**YOUR TASK**
Only the lines from the one with "けん玉、こま回し、お手玉、あやとりの4つの場をローテーションして回りました。" to the end of the data, both ends included, should be output, exactly as they stand and without pictures.

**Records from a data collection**
**********
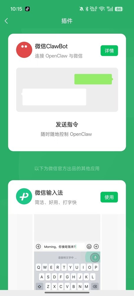 这是微信历史上罕见的“破例”时刻。十五年来,微信以“克制”著称,插件功能页长期仅有一款微信输入法,张小龙“好的产品是用完即走的”理念深入人心。但这一次,微信主动将聊天窗口向外部Agent敞开了怀抱。
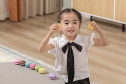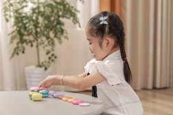 Minden macaron két fele tépőzárral kapcsolódik – a gyerekek szétválaszthatják és újra összeilleszthetik őket új „ízekké”, miközben az ujjaikat és a koordinációt gyakorolják.
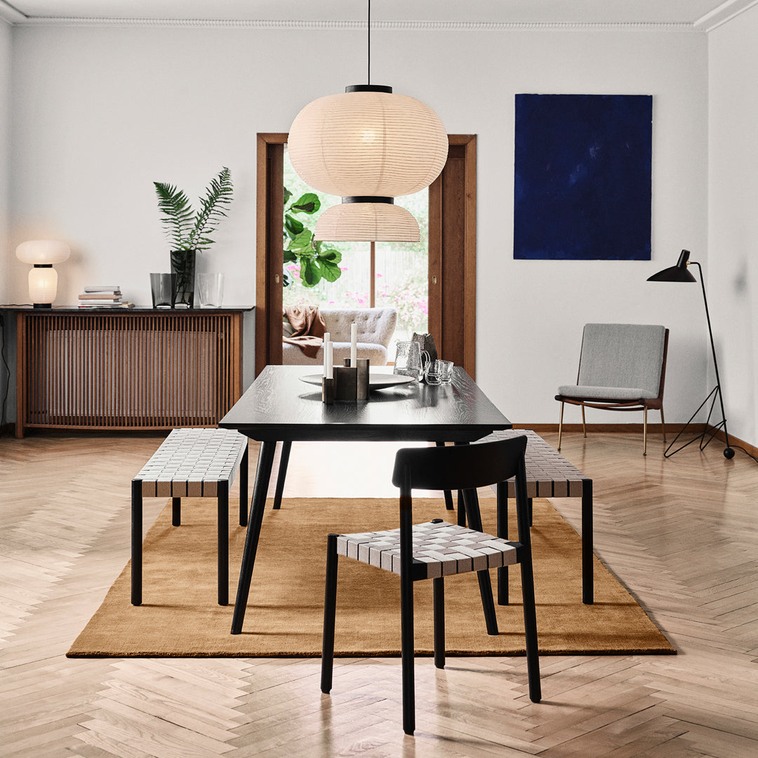 A floor lamp built from lacquered steel, the Tripod strikes a delicate balance between the stark simplicity of its design and the softness injected by the curved edges of its base. For easy articulation and a more precise light, a swivel joint has been developed – a feature now seen across the entire Tripod range. Alongside this, the introduction of a new finish, white with brass details, accentuates the graceful proportions of the original design.
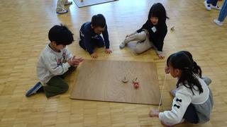 けん玉、こま回し、お手玉、あやとりの4つの場をローテーションして回りました。
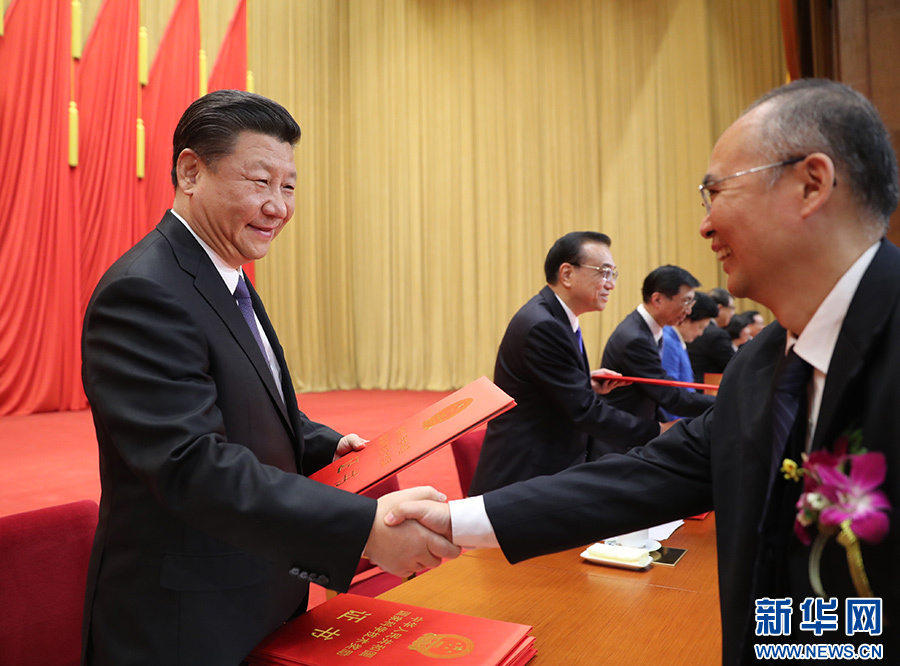 1月8日,国家科学技术奖励大会在北京人民大会堂隆重举行。中共中央总书记、国家主席、中央军委主席习近平向获得2017年度国家最高科学技术奖的中国疾病预防控制中心病毒病预防控制所侯云德院士颁发奖励证书。新华社记者 鞠鹏 摄
**********
**WRITTEN SOLUTION**
 けん玉、こま回し、お手玉、あやとりの4つの場をローテーションして回りました。
 1月8日,国家科学技术奖励大会在北京人民大会堂隆重举行。中共中央总书记、国家主席、中央军委主席习近平向获得2017年度国家最高科学技术奖的中国疾病预防控制中心病毒病预防控制所侯云德院士颁发奖励证书。新华社记者 鞠鹏 摄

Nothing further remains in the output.